SUPPLIED MATERIAL:
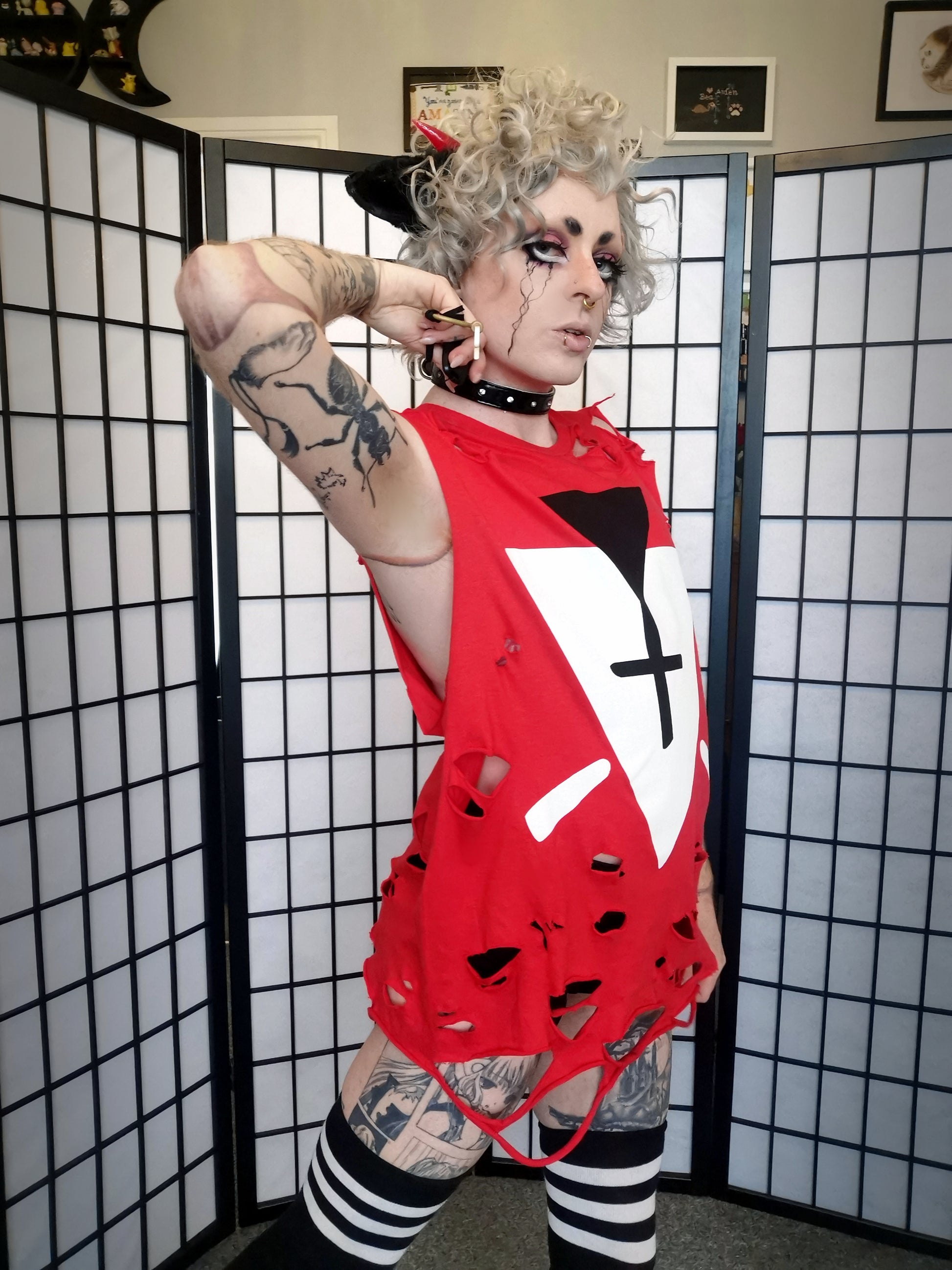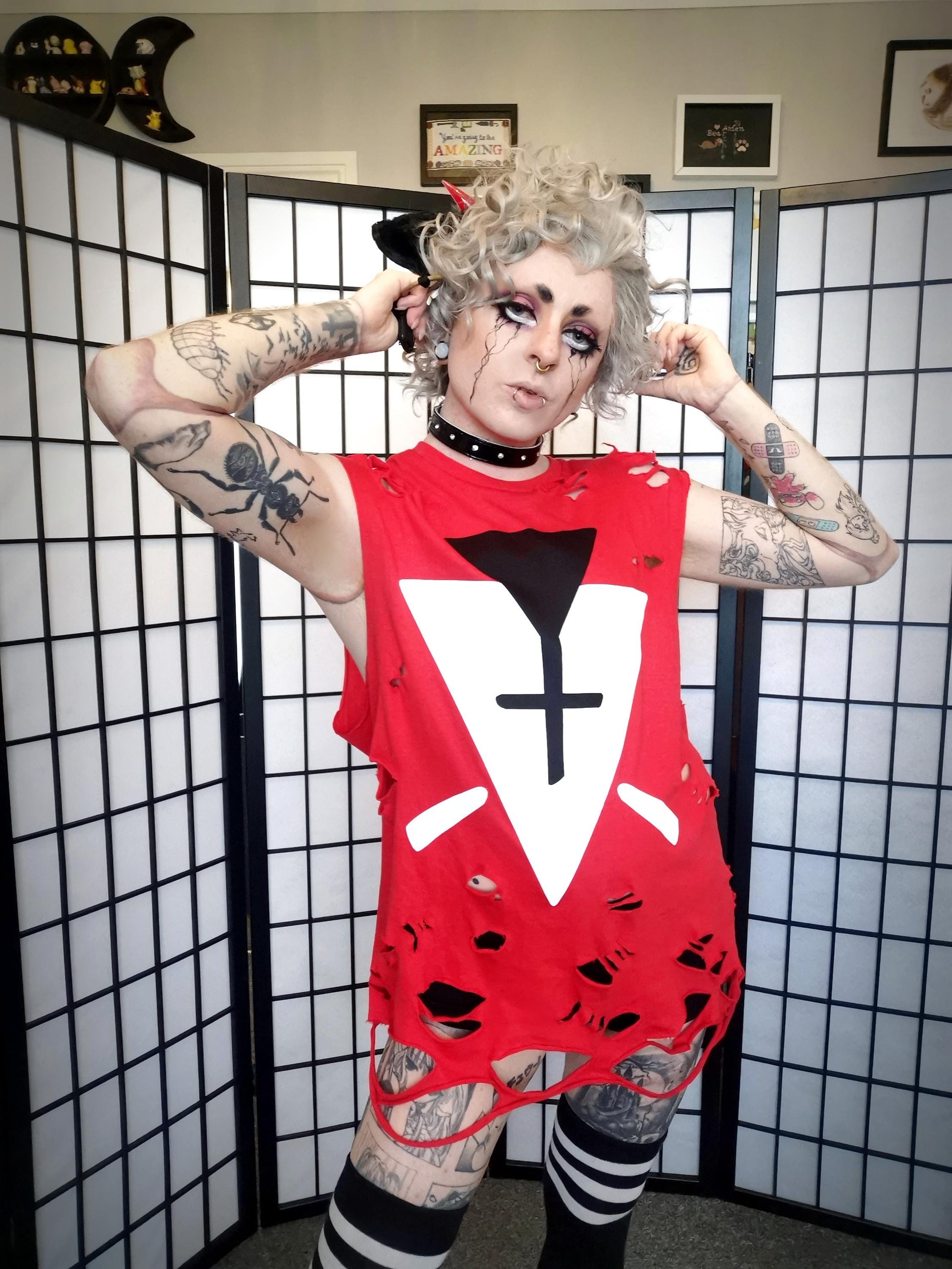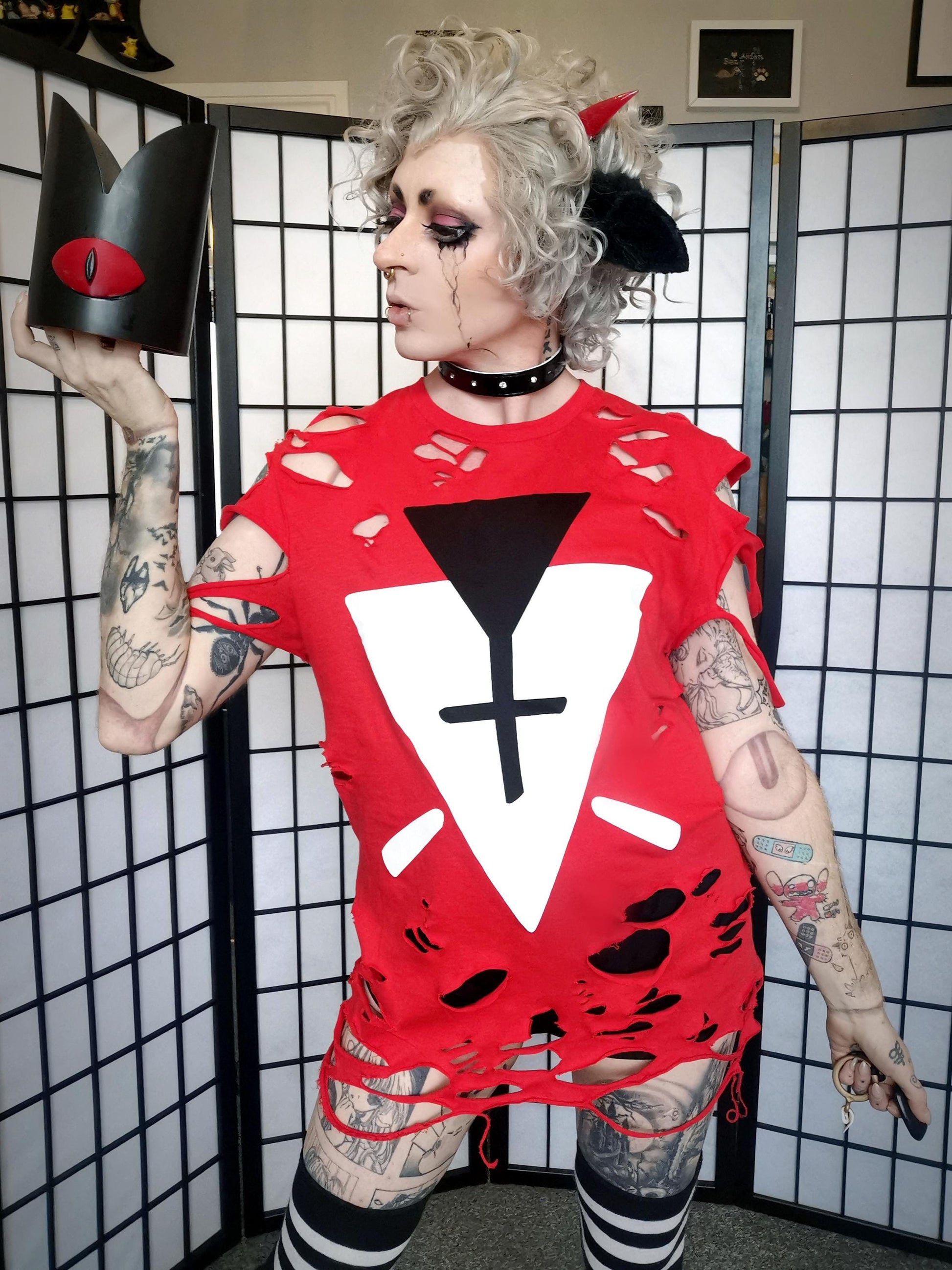These Cult of the Lamb inspired -shirts are unisex fit, made from 100% soft style yarn cotton, and are a 150gsm weight. They are red with a black and white diamond and triangle motif, based on the cultist follower outfits from the game.
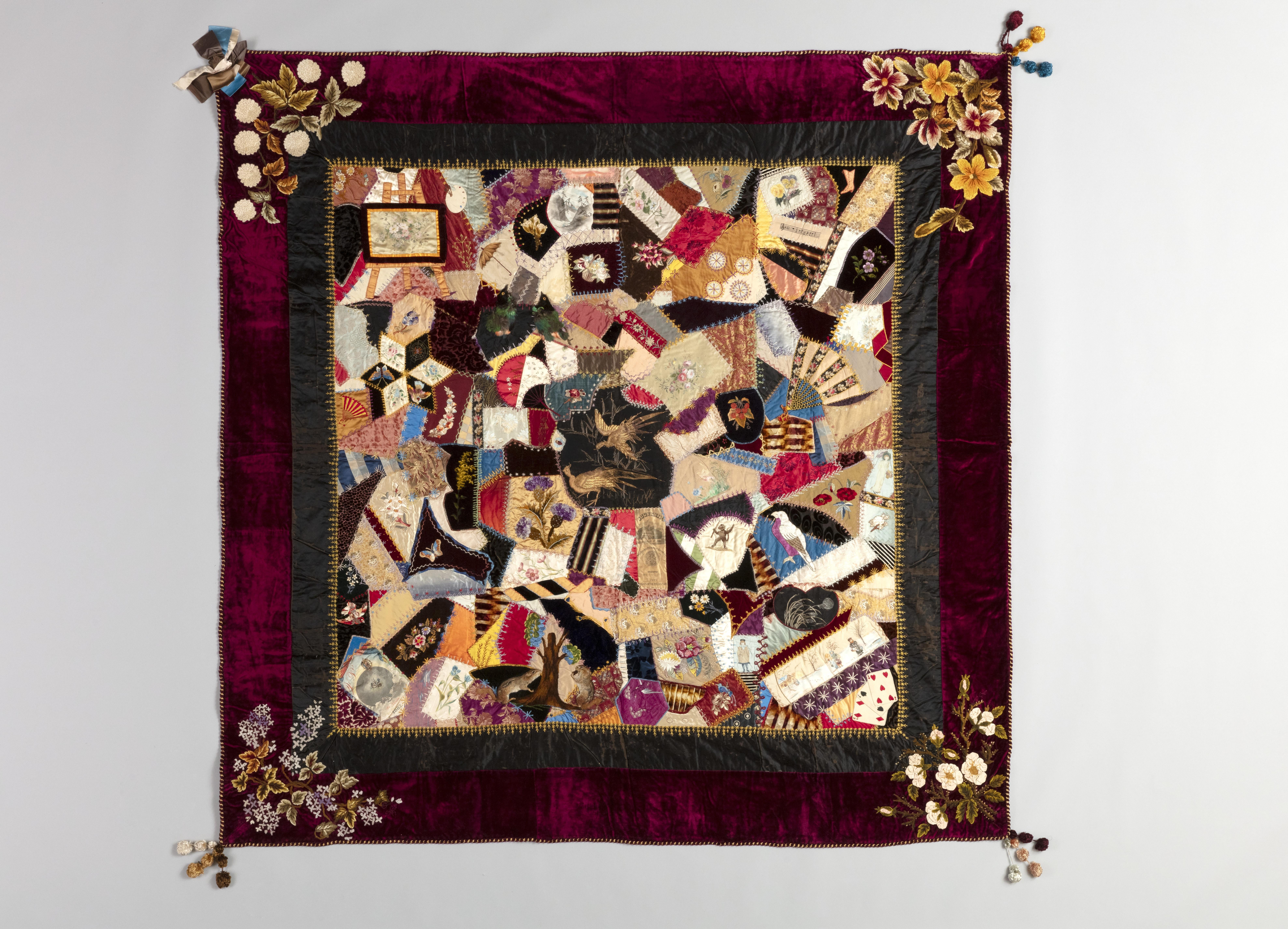 Crazy quilt made mainly of silk and velvet featuring a variety of imagery and objects including two stuffed chipmunks and two stuffed birds, American, c. 1884. [7910×5704]
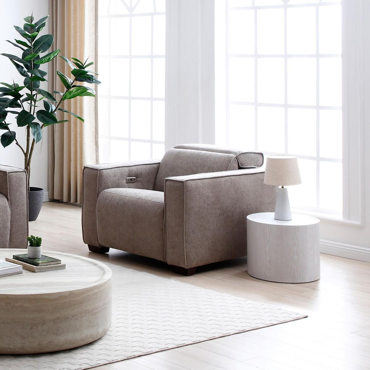 Designed for laid-back lounging, this modern electric recliner chair makes relaxation effortless. Upholstered in soft chenille fabric, it’s as cosy as it looks, with a deep, supportive seat that’s made for sinking into. With independent controls for the backrest and headrest, you can find your perfect position with just the touch of a button—whether you're sitting upright with a book or fully reclined for a snooze. Perfect for living rooms, snug corners, or home cinemas, this contemporary recliner chair is all about comfort, without compromising on style. Product details • Electric recliner chair with adjustable headrest and footrest • Discreet control buttons are neatly placed on the inner arm, keeping things sleek and fuss-free. • Woven chenille upholstery • Soft comfort level for the ultimate in lounging • Square arm design for added practicality • Eucalyptus wood frame • Foam filled seat and back • Partial assembly required (legs/feet only) • Care advice: specialist upholstery cleaner recommended • 12 month manufacturers warranty. Product Composition - Frame - Eucalyptus & Poplar Wood Fabric - 100% Polyester. Seat - Fabric + Foam + Wood + Polyester Pad Product Dimensions • Seat Height: 48 cm • Seat Depth: 58 cm • Seat Width: 62 cm • Arm Height: 64 cm • Clearance to floor : 6 cm • Back Height: 57 cm • Total Dimensions - 88 cm x 108 cm x 89 cm, Weight 58.2 kg. Package Dimensions - 108 cm x 108 cm x 72 cm, Weight 66.92 kg. This product will be dispatched by one of our trusted suppliers. You’ll be contacted by their selected courier about your delivery. Please note: this product cannot be delivered to all Offshore Islands, Northern Ireland or Republic of Ireland.
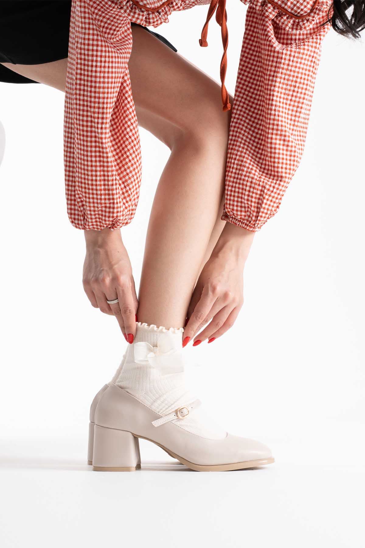 Blown Bej Cilt Kadın Topuklu Ayakkabı

EXERCISE AIM:
Please transcribe the whole listing above exactly, with the images left out.

EXERCISE ANSWER:
These Cult of the Lamb inspired -shirts are unisex fit, made from 100% soft style yarn cotton, and are a 150gsm weight. They are red with a black and white diamond and triangle motif, based on the cultist follower outfits from the game.
 Crazy quilt made mainly of silk and velvet featuring a variety of imagery and objects including two stuffed chipmunks and two stuffed birds, American, c. 1884. [7910×5704]
 Designed for laid-back lounging, this modern electric recliner chair makes relaxation effortless. Upholstered in soft chenille fabric, it’s as cosy as it looks, with a deep, supportive seat that’s made for sinking into. With independent controls for the backrest and headrest, you can find your perfect position with just the touch of a button—whether you're sitting upright with a book or fully reclined for a snooze. Perfect for living rooms, snug corners, or home cinemas, this contemporary recliner chair is all about comfort, without compromising on style. Product details • Electric recliner chair with adjustable headrest and footrest • Discreet control buttons are neatly placed on the inner arm, keeping things sleek and fuss-free. • Woven chenille upholstery • Soft comfort level for the ultimate in lounging • Square arm design for added practicality • Eucalyptus wood frame • Foam filled seat and back • Partial assembly required (legs/feet only) • Care advice: specialist upholstery cleaner recommended • 12 month manufacturers warranty. Product Composition - Frame - Eucalyptus & Poplar Wood Fabric - 100% Polyester. Seat - Fabric + Foam + Wood + Polyester Pad Product Dimensions • Seat Height: 48 cm • Seat Depth: 58 cm • Seat Width: 62 cm • Arm Height: 64 cm • Clearance to floor : 6 cm • Back Height: 57 cm • Total Dimensions - 88 cm x 108 cm x 89 cm, Weight 58.2 kg. Package Dimensions - 108 cm x 108 cm x 72 cm, Weight 66.92 kg. This product will be dispatched by one of our trusted suppliers. You’ll be contacted by their selected courier about your delivery. Please note: this product cannot be delivered to all Offshore Islands, Northern Ireland or Republic of Ireland.
 Blown Bej Cilt Kadın Topuklu Ayakkabı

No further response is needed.